1.2 After cracking the code

1.3 Genetics today

2

Genetics is a form of information science. Geneticists seek to understand the rules that govern the transmission of genetic information at three levels—from parent to offspring within families, from DNA to gene action within and between cells, and over many generations within populations of organisms. These three foci of genetics are known as transmission genetics, moleculardevelopmental genetics, and population-evolutionary genetics. The three parts of this text examine these three foci of genetics.

The science of genetics was born just over 100 years ago. Since that time, genetics has profoundly changed our understanding of life, from the level of the individual cell to that of a population of organisms evolving over millions of years. In 1900, William Bateson, a prominent British biologist, wrote presciently that an “exact determination of the laws of heredity will probably work more change in man’s outlook on the world, and in his power over nature, than any other advance in natural knowledge that can be foreseen.” Throughout this text, you will see the realization of Bateson’s prediction.
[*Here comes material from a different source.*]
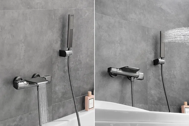 Baignoire thermostatique ensemble de douche mural noir baignoire robinet blanc salle de bain cascade bain et douche mitigeur laiton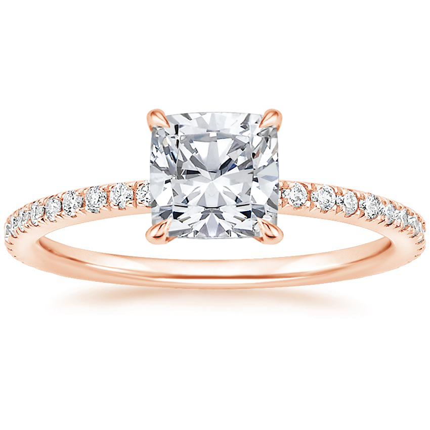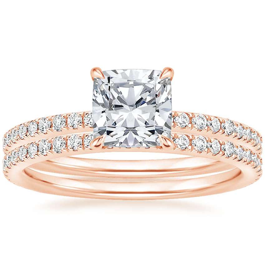 14K Rose Gold Luxe Ballad Perfect Fit Lab Diamond Bridal Set with 0.75 Carat Cushion Lab Grown Diamond

Genetics has driven a revolution in both the biological sciences and society in general.

In this first chapter, we will look back briefly at the history of genetics, and in doing so, we will review some of the basic concepts of genetics that were discovered over the last 100 years. After that, we will look at a few examples of how genetic analysis is being applied to critical problems in biology, agriculture, and human health today. You will see how contemporary research in genetics integrates concepts discovered decades ago with recent technological advances. You will see that genetics today is a dynamic field of investigation in which new discoveries are continually advancing our understanding of the biological world.